Uh... too many to name? Half-Life 2 isn't great from a mechanical or a narrative perspective, which are the two things we play FPSes for.

Halo 3 shits on Half-Life 2. Bulletstorm demolishes it on a narrative front. Titanfall 2 blows it away. Doom outplays it. Call of Duty 4 has dramatically better pacing. Crysis is way more interesting in the combat department. FEAR is the second greatest first person shooter of all time.

Half-Life 2 is a low bar. It would be easier to list worse FPSes. You got Killzone 2, Resistance 2, Darkest of Days, Legendary, Turning Point: Fall of Liberty, Halo 4, Halo 5, Black Ops 1-3... probably some others?


Oof, embarrassing.
 
Homefront: The Revolution aspired to be "open world Half-Life", and while its troubled development shows, I think it surpassed HL2 in a few important areas. It took various HL2 vignettes and worked them into an open world formula. Being chased through an apartment building and escaping over the rooftops, for example. Or fighting in the streets with a group of resistance fighters who follow you around. It didn't always work right, but when it did work, it was magical. Emergent gameplay is always better than 100% scripted gameplay, assuming it actually works.

Then there is HFTR's DLC, which is far more linear, but this ends up being a strength. HFTR slavishly mimicked HL2's style to the point of having a silent protagonist, which was a really bad idea because silent protagonists don't work very well in games that are very grey, morally and ethically. The DLCs backflipped on this and feature voiced protagonists -- lampshaded with "I preferred you when you kept your mouth shut." -- which solves a lot of storytelling issues. Half-Life 2 was really pushing the limits of silent protagonist storytelling in a bad way.

I would say that HFTR's DLC Beyond the Walls is better than Half-Life 2: Episode 2 for the most part. It wants to be HL2: Episode 2. There's even a rocket. Beyond the Walls is really HL2 design tropes distilled and combined with Crysis 2/3-style level design. The biggest design trope they appropriate is the use of a distant landmark. In HL2 it was the Citadel. In Beyond the Walls, it is the satellite dish you first glimpse across the lake. This dish gets closer and closer, and we implicitly understand that the game will climax at this location.

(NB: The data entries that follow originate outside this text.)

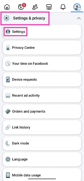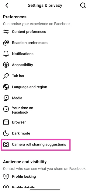 在手機上啟動 Facebook 應用程序,點擊菜單圖標,然後轉到設置和隱私>設置>相機膠卷共享建議並關閉“瀏覽 Facebook 時獲取相機膠卷建議”旁邊的切換開關。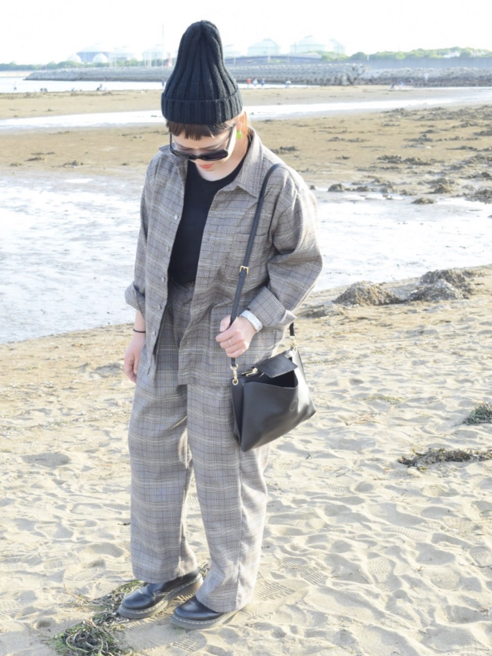 もう夏だ、、 チェックのセットアップ 激かわ。
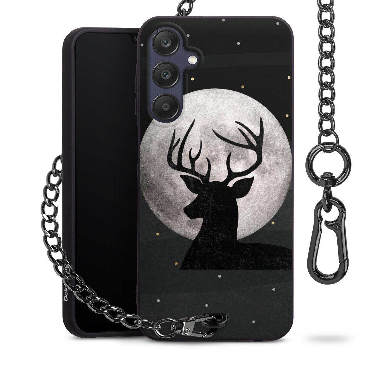 • Mattschwarze Handyhülle mit Metallkette

I think Half-Life 2 is a difficult game to boil down because it has some severe flaws. To put it bluntly, HL2's combat is abysmal. The core loop is bad. The dynamic item drops serve as a band-aid fix for the fact that avoiding damage is stupidly difficult and a majority of the gameplay involves shooting at the bullet sponge enemies with barely existent hit reactions hoping that they'll drop dead before you do. HL2's redeeming factor is "the journey". One endures the actual moment to moment gameplay because "the journey" is quite remarkable. Also, while HL2's writing is competent at best, the mystery of the G-Man is a superb hook. When people talk about wanting a conclusion in HL3, they really want to understand who the G-Man is, what he wants, and why he does the things he does.
 

Bydobob

Member
I think Half-Life 2 is a difficult game to boil down because it has some severe flaws. To put it bluntly, HL2's combat is abysmal. The core loop is bad. The dynamic item drops serve as a band-aid fix for the fact that avoiding damage is stupidly difficult and a majority of the gameplay involves shooting at the bullet sponge enemies with barely existent hit reactions hoping that they'll drop dead before you do. HL2's redeeming factor is "the journey". One endures the actual moment to moment gameplay because "the journey" is quite remarkable. Also, while HL2's writing is competent at best, the mystery of the G-Man is a superb hook. When people talk about wanting a conclusion in HL3, they really want to understand who the G-Man is, what he wants, and why he does the things he does.

No, they want a game as revolutionary as HL2 was, and Half-Life before it. Honestly, the idea that HL2 is all story while gameplay is something to be "endured" is a little hysterical.

Agreed. It's crazy how many different styles and settings HL2 successfully juggles. It's an immersive sim, a horror game, a puzzle game, a road trip game, a platformed, an FPS. You move from cityscapes to the open road to industrial installations to futuristic towers. You are hunted, then you are the hunter, you are weak and then you become a badass, you fight everything from tiny headcrabs to huge striders. It has a tight linear campaign that still gives you a lot of opportunities for emergent gameplay. The game has everything.

Couldn't have summed it up better.
 

spineduke

Unconfirmed Member
So many FEAR mentions. FEAR has great FPS combat (weapons, AI) riding on a super dull and flawed campaign. The levels are poor and the design is one note. Despite that, it still has its moments of greatness. It's nowhere comparable to HL2, get out of here with that shit.
 
The Darkness II had a pretty awesome narrative and campaign, a bit short though.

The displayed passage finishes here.